Moving the line

Galloway has become the first politician to utter the dangerous word “partition” in the context of Scottish independence.

George Kerevan: Why George Galloway should stop using words like ‘partition’

I have to correct George Kerevan on this point. Although he can be forgiven for failing to recall such an unmemorable politician, a certain LibDem named Tavish Scott latched onto the word “partition” well before George Galloway. I recall writing an article for the September 2017 issue of iScot Magazine celebrating the announcement of Scott’s impending departure from Holyrood and condemning his insanely reckless talk of “partition” as part of the British state’s deplorable anti-independence propaganda effort during the first referendum campaign. That article begins,

“Against very strong competition, one of the most disturbing facets of the British state’s propaganda effort during the first Scottish independence referendum campaign was surely the attempt by the failed leader of the British Liberal Democrats in Scotland, Tavish Scott, to raise the spectre of partition. Along with the odd party colleague and, if memory serves, an even odder member of the aristocracy, it was he who most fervidly peddled the notion of Scotland’s northern and western island communities being partitioned from independent Scotland to form exclaves of the rump UK.”

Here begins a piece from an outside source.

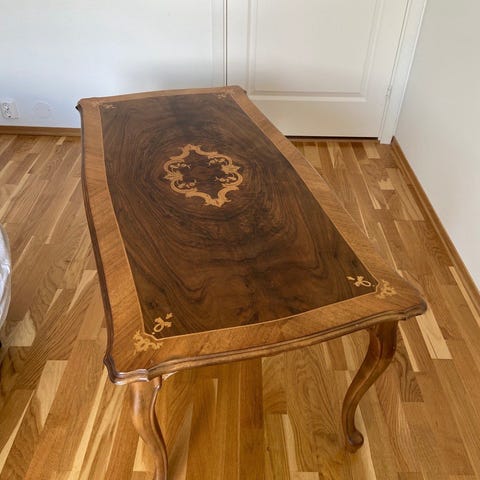 Pent lavt bord. Noen bruksmerker i bordplaten, men ikke sjenerende.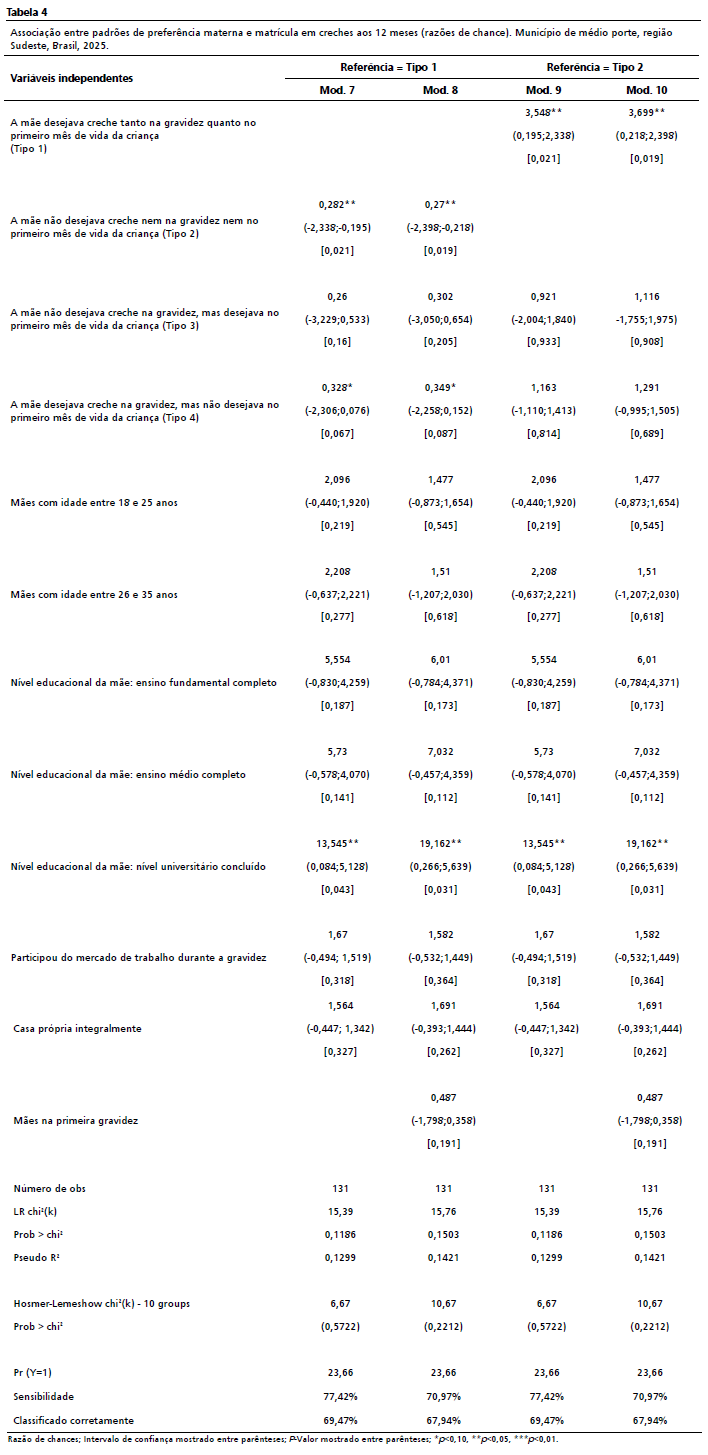 Para explorar o papel da estabilidade da preferência, uma variável categórica representando quatro tipos de trajetórias de desejo materno (Tipos 1–4) foi incluída em regressões adicionais (Tabela 4). Em comparação com as mães que pretendiam consistentemente matricular os filhos em creches (Tipo 1), todos os outros grupos apresentaram menor probabilidade de matrícula. Essa diferença foi estatisticamente significativa (pelo menos 90% de confiança) somente quando comparada aos Tipos 2 e 4. O maior efeito negativo (72% menos probabilidade de matricular em creches) foi observado entre mães que consistentemente pretendiam não inscrever (Tipo 2). Quando o Tipo 2 foi usado como referência, não foram encontradas diferenças significativas entre ele e os Tipos 3 e 4. Isso sugere que manter uma intenção positiva ao longo do tempo estava mais fortemente associada à matrícula efetiva do que simplesmente mudar de ideia.

Tavish Scott: Goodbye! Good riddance!

George Kerevan is entirely correct, however, to point out the dangerousness of such talk and the fact that, like Tavish Scott before him, Galloway serves the British ruling elite by saying the things it is not politic for them to say. He and Adam Tomkins (see The Tomkins doctrine) may be attention-seeking British Nationalist fanatics. But the British state makes good use of such material. Their role is to insinuate into our political discourse ideas which have no place in rational debate around the constitutional issue. They seek to normalise inherently inane or insane notions. They make a space for madness.

We should not simply dismiss George Galloway’s talk of “partition” or Adam Tomkins’ proposal to bind Scotland by law to England-as-Britain. We should, rather, regard their purposefully outrageous utterances as portents of the British state’s intentions. It is not the rhetoric of the lunatic fringe of British Nationalism that need concern us, but the licence they afford the British political elite by moving the line separating political philosophy from political pathology.

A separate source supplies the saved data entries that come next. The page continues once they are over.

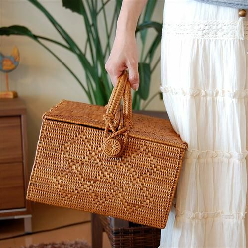 四角い形に丈夫な取っ手がついたバッグは、コスメバッグや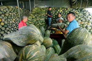 2025年4月16日,安徽省亳州市蒙城县漆园街道一处蔬菜基地,农民为南瓜秧苗进行防病防虫杀菌管理。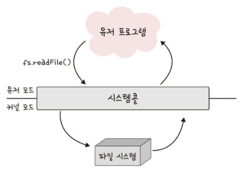 이때 유저 모드에서 파일을 읽지 않고 커널 모드로 들어가 파일을 읽고 다시 유저 모드로 돌아가 그 뒤에 있는 유저 프로그램의 로직을 수행한다. 본 과정을 통해 컴퓨터 자원에 대하 직접 접근 차단 가능 + 다른 프로그램으로부터 보호 가능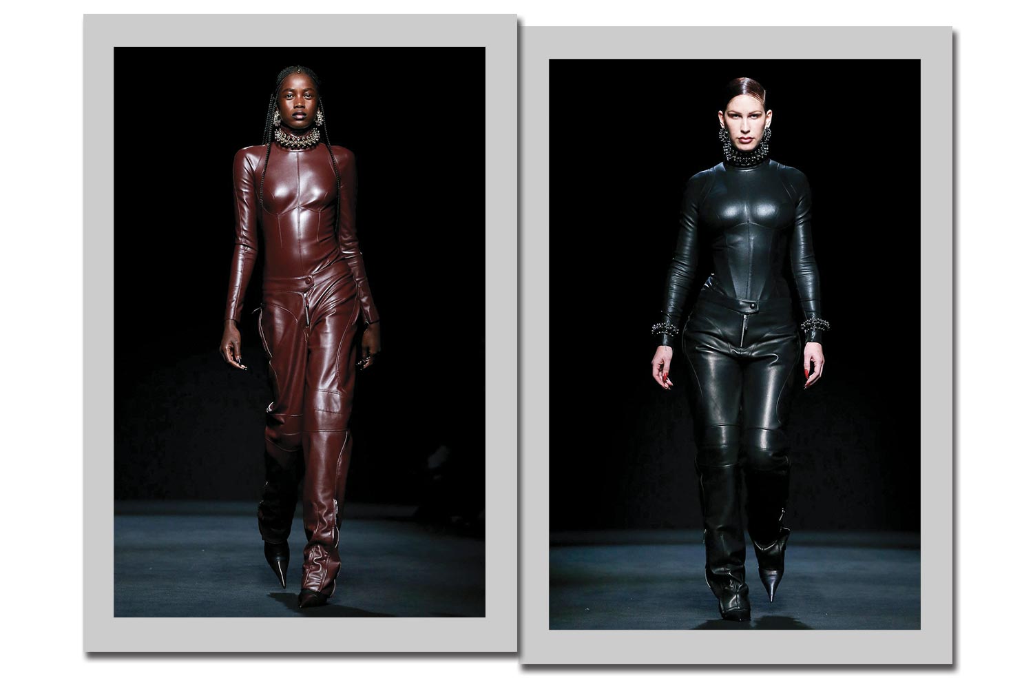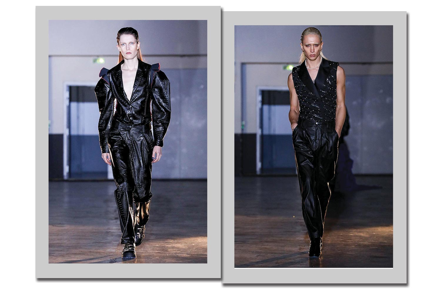 Em looks genderless, a Koché vai de couro, tanto no macacão com ombros bem marcados à esquerda, quanto no conjunto de calça + colete com tachas de metal, à direita.

5 thoughts on “Moving the line

    1. ” partitioning George Galloway from the rest of Scotland’s residents…”
      I think he’s already done that himself, now being resident in the Tory fox hunting and shooting retirement enclave of Dumfries and Galloway and best buds with Eton toff Jamie Blackett whose showing him the ropes on the shooting front…

      Liked by 1 person

  1. George Galloway must be the only guy to have been born in the Lochee slums that thinks unionism is good for Scottish well being.

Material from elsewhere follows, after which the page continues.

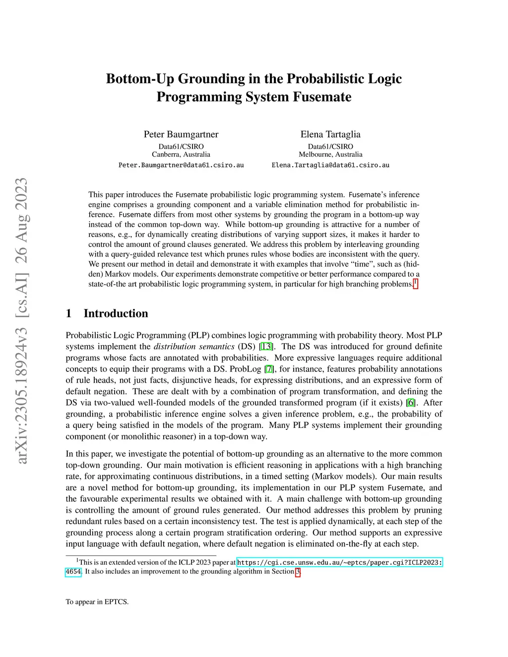 Bottom-Up Grounding in the Probabilistic Logic Programming System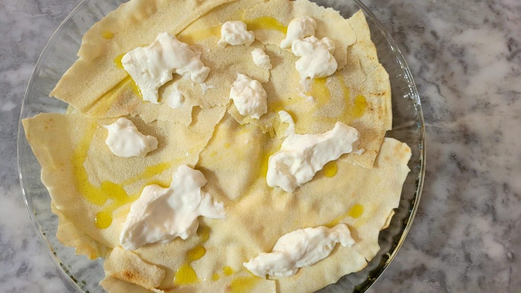 Prenez les feuilles de pain carasau et mouillez-les rapidement avec de l’eau pour les ramollir

    I think when George talks about partition he means Broughty Ferry should secede from Dundee in much the same way that the Israelis are trying to secede East Jerusalem from Palestine. Very frightening how he has diminished the Palestinian cause and others will be taking note of his hypocrisy.

    No wonder he couldn’t get a game for St Columba when he was a kid… youd you’d never what team he backed!

    Liked by 1 person

  2. George Galloway is not the first to suggest partitioning Scotland.

    Arch-Unionist, John Taylor, former deputy leader of the Ulster Unionist Party (UUP) was made a life peer as Baron Kilclooney in 2001.

    In 2012, he wrote to The Scotsman newspaper suggesting Scotland be partitioned in the event of a Yes vote. “If, say, Strathclyde or the Lowlands prefer to remain in the UK then that decision should be honoured by a partition of Scotland,” he said.